*** DATA SECTION ***

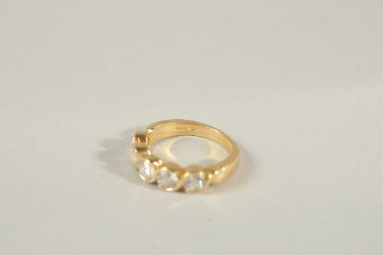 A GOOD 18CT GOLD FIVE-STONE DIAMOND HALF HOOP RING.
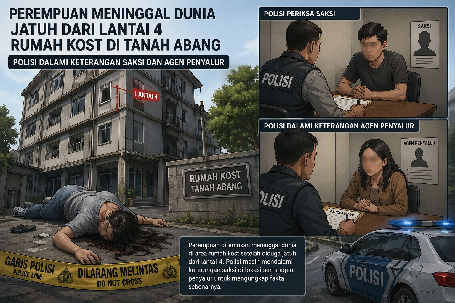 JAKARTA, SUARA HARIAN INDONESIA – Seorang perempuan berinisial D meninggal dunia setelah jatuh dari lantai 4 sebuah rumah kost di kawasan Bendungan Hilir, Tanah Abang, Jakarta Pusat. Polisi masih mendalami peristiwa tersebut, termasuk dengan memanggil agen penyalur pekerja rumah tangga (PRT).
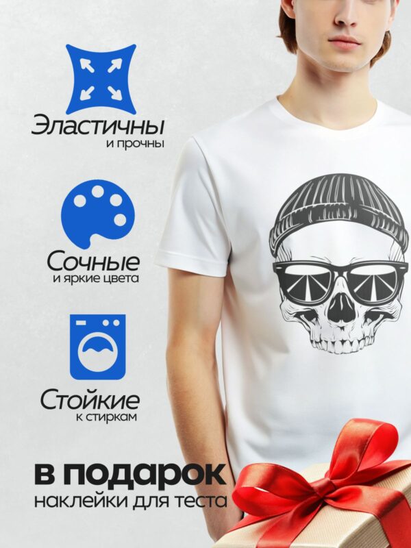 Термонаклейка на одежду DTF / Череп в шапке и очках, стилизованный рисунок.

***

* **DIRECTIONS FOR THIS TASK**: Output, exactly and without pictures, the span of lines that starts at the line containing "JAKARTA, SUARA HARIAN" and ends at the last line above.

* **ANSWER SPACE**:
 JAKARTA, SUARA HARIAN INDONESIA – Seorang perempuan berinisial D meninggal dunia setelah jatuh dari lantai 4 sebuah rumah kost di kawasan Bendungan Hilir, Tanah Abang, Jakarta Pusat. Polisi masih mendalami peristiwa tersebut, termasuk dengan memanggil agen penyalur pekerja rumah tangga (PRT).
 Термонаклейка на одежду DTF / Череп в шапке и очках, стилизованный рисунок.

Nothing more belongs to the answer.